A person might well wonder what comes next, as mobile service begins to saturate. There are many proposed candidates that represent parts of the solution. Private networks, edge computing and internet of things are among the common answers. Those will help, but nobody really believes any of those sources are big enough to displace mobility services as the core driver of revenue and profit. 


Platform business models might not be a general answer, either. But at least some connectivity or data center interests might emerge in such roles. 

 

Platform business models in the data center and connectivity business hinge on creation of marketplaces or ecosystems that connect participants. That might not apply to the core businesses (connectivity services and server colocation). Those businesses are examples of the traditional “pipeline” where a firm creates a product and then sells it to customers. 


Where the platform revenue comes in is when the data center or connectivity provider creates ways for customers to connect with third parties. In a data center, that might operate by allowing a colocation customer to buy security or other services from third party app providers. 


E-commerce marketplaces are the classic examples of platform business models. 


source: Applico


In a connectivity business the process might involve allowing customers to buy roaming services from any number of providers in hundreds of countries, with revenue paid to the transaction platform by both participating service providers and end user retail customers. 


Some platform business revenues have been earned in the connectivity business in the past. Linear video subscriptions might be examples of pipeline model. But advertising sales to customers of those services are a platform model.


Connectivity providers sell subscriptions to retail customers, and advertising to business partners. In the mobile business, a firm might sell roaming services to retail customers that are sourced from mobile operators in dozens to hundreds of countries. As in the video advertising example, the packager and platform earns money from retail customers and the wholesale service providers. 


Platforms often are referred to as “two-sided marketplaces.” There are any number of key attributes, including payments flow, fragmented suppliers and fragmented buyers. Other attributes, including network effects, might also apply to traditional “pipeline” models as well. 


The simplest, classic test of whether a platform business model operates is when the host makes its money facilitating transactions between third parties. Other classic examples are payment systems that enable transactions between retailers and shoppers. 


source: FourweekMBA 


GigSky provides an example. It enables mobile roaming service in some 190 countries, hosting a platform that allows travelers to purchase temporary internet access service when outside their home countries. 

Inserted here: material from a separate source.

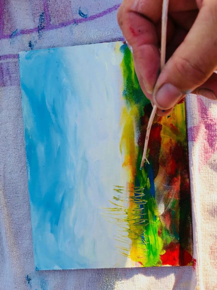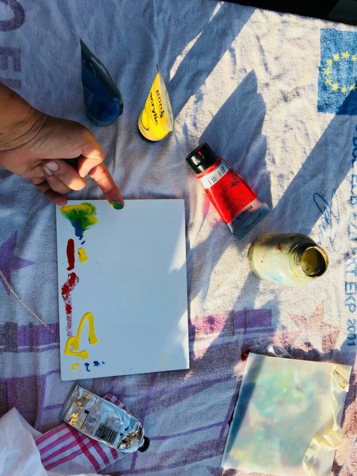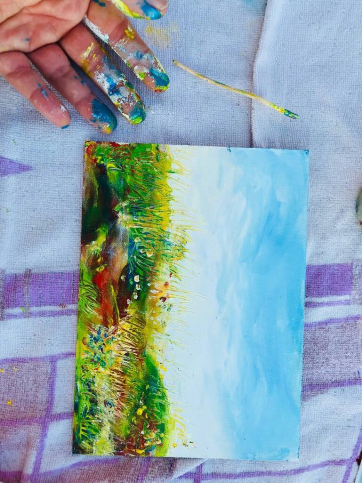 So let’s go to eevi’s next piece of work. She did this using her fingers, a stick and paint and I like it very much.

Some might view that as similar to the way any mobile virtual network operator conducts business: buying wholesale capacity from a facilities-based wholesaler and then retailing service under the MVNO’s own brand name. 


But the resemblance is deceiving. A firm such as TruConnect buys wholesale from T-Mobile, then sells its branded service to customers. But TruConnect does not use a platform business model. It creates its own service and sells that service to customers. It does not connect potential buyers with many sellers. 


Most platforms are exchanges, according to Applico. 


  • Services marketplace: a service

  • Product marketplace: a physical product

  • Payments platform: monetary payment

  • Investment platform: an investment/financial instrument (i.e., money exchanged for a financial instrument, be it equity or a loan, etc.)

  • Social networking platform: a double-opt-in (friending) mode of social interaction

  • Communication platform: 1: 1 direct social communication (messaging)

  • Social gaming platform: a gaming interaction involving multiple users, either competing or cooperating


Platform business models are important in the data center and connectivity businesses precisely because that model provides an answer to the question of how growth can be created in a business with commodity pressures. 


Thursday, February 23, 2023

Can Compute Increase 1000 Times to Support Metaverse? What AI Processing Suggests

Metaverse at scale implies some fairly dramatic increases in computational resources and, to a lesser extent, bandwidth. 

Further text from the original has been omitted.